Pandas
https://anaconda.org/TomAugspurger/pandas-performance/notebook
IO
Create dataframe
import pandas as pd
df = pd.DataFrame(data={'col1': [1, 2], 'col2': [3, 4]})
df = pd.DataFrame(data={'time': pd.date_range('2000', freq='D', periods=3)})
df = pd.DataFrame.from_dict({0: 1}, orient="index", columns=["col1"])#.T
df = pd.DataFrame([1, "a", 1.5], index=list("abc")).T
Read parquet
#filters = [("state", "==", "California")]
#filters = [("FIPS", "in", [6, 36])]
#filters = [("datetime", ">=", datetime(2023, 10, 4, 11, 30, 0, tzinfo=pytz.UTC))]
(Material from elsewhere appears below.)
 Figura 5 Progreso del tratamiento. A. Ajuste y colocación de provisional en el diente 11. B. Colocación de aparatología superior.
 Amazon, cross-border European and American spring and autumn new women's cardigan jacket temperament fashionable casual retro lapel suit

pd.read_parquet("file.parquet", filters=filtes)
Read JSON
import json
import pandas as pd
df = pd.read_json("out.json", orient="index")
Normalize
with open("out.json") as f:
data = json.load(f)
df = pd.json_normalize(
data,
record_path="counties",
meta=["state", "shortname", ["info", "governor"]],
sep="_",
)
Read csv
df = pd.read_csv(
"https://raw.githubusercontent.com/pandas-dev/pandas/main/doc/data/titanic.csv"
)
df = pd.read_csv(
"runs.csv",
engine="pyarrow",
parse_dates=["Date"],
dtype={"Distance (km)": "float32"},
)
for col in ["Time", "5 km pace", "Km pace"]:
df[col] = pd.to_timedelta(df[col])
df
Read sql
Download https://www.oracle.com/database/technologies/instant-client/winx64-64-downloads.html and save it to C:\oracle\
$ pip install cx_Oracle
import pandas as pd
import cx_Oracle
import os
os.chdir(r"C:\oracle\instantclient_19_5")
dnsstring = cx_Oracle.makedsn('HOST', 'PORT', service_name='SERVICENAME')
u = "USERNAME"
p = "PASSWORD"
con_oracle = cx_Oracle.connect(user=u, password=p, dsn=dnsstring)
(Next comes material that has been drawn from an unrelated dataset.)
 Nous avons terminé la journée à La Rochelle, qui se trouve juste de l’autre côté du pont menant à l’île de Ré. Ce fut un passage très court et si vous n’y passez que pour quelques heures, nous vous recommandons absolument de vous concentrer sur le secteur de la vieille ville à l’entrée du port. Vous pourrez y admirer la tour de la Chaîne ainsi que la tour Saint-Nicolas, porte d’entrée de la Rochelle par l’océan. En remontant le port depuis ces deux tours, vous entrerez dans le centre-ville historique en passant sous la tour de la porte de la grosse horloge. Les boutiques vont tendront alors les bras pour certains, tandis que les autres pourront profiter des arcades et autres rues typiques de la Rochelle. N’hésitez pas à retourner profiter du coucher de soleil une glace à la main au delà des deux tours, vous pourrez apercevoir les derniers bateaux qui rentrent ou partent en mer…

df = pd.read_sql('select * from TABLE WHERE ROWNUM < 5', con_oracle)
con_oracle.close()
Read sql query
query = open('file.sql', 'r')
df = pd.read_sql_query(query.read(), con)
Read xml
df = pd.read_xml("file.xml")
Read html
_l = pd.read_html("https://www.cdc.gov/growthcharts/html_charts/wtage.htm")
df = _l[1]
To xarray
df.to_xarray()
To parquet
import pyarrow as pa
d = {"a": pa.int32(), "b": pa.string(), "c": pa.float32()}
schema = pa.schema(d)
df.to_parquet("tmp.parquet", schema=schema)
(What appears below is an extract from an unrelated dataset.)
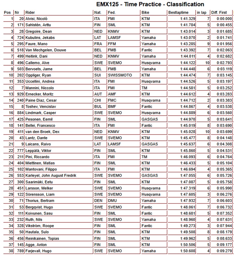 Nicolò Alvisi heeft in de tijdtraining van de EMX125 klasse in Finland de snelste tijd op de klok weten te zetten. Alvisi was bijna een halve seconde sneller dan Arttu Sahlsten en Dean Gregoire trainde als derde. Jekabs Kubulins zette een vierde tijd neer voor Kampioenschapleider Mano Faure.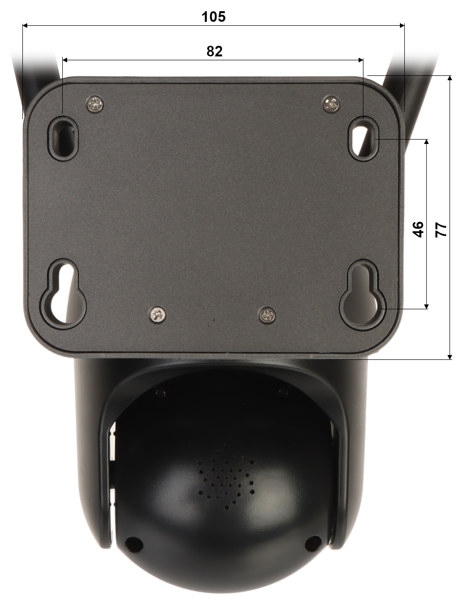 Camera working with the Tuya platform; Resolution: 2304 x 1296 ; View angle: 76 ° ; Range of IR illumination: 30 m ; White light LED illuminator range: 15 m ; Horizontal rotation range: 0 ° ... 355 ° Rotation of the head is limited by stops ; Vertical rotation range: 0 ° ... 90 ° ; Audio: Bi-directional audio streaming support ; Memory card slot: Micro SD memory cards up to 64GB support (possible local recording) ; Power supply: , Solar Panel, 5 V DC - USB-C socket ;

df.to_parquet("tmp.parquet", allow_truncated_timestamps=True, coerce_timestamps="ms")
To csv
df.to_csv(index=False)
To json
df.to_json(orient="index", date_format="iso")
To excel
df.to_excel("file.xlsx")
Dataframe to series
df.squeeze()
Dtypes
Convert dtypes automatically (manually)
df.convert_dtypes()
df.astype(DTYPE)
Specify dtypes
d_fmt, s_fmt, i_fmt, f_fmt, c_fmt, = "datetime64[D]", "string", "Int64", "float64", "category"
Convert multiple columns to categorical
for col in cat_cols:
df[col] = df[col].astype("category")
Convert column to ordered categorical
from pandas.api.types import CategoricalDtype
cat_type = CategoricalDtype(categories=[0, 1, 2, 3], ordered=True)
df[col].astype(cat_type)
Convert objects to integers
loc_int = [i for i, v in enumerate(list(table_dtypes.values())) if v == i_fmt]
df.iloc[:, loc_int].apply(pd.to_numeric) # can add errors='coerce' to .to_numeric()
Dates
df["COL"].values.astype("datetime64[s]")
Index
Make an index a column
df.reset_index()
Make a Multi index a column
g.index.to_flat_index().to_frame()
Append a column to the index
df.set_index('COL', append=True)
First index of a series
s.first_valid_index()
Querying
Query a multiindex
df.loc[(1, 2)]
Between
df[df['COL'].between(1, 2, inclusive="neither")]
Multiple where conditions
df[(df['DATE'] <= 'YYYY-MM-DD') & (df['FLAG'] == 'Y')]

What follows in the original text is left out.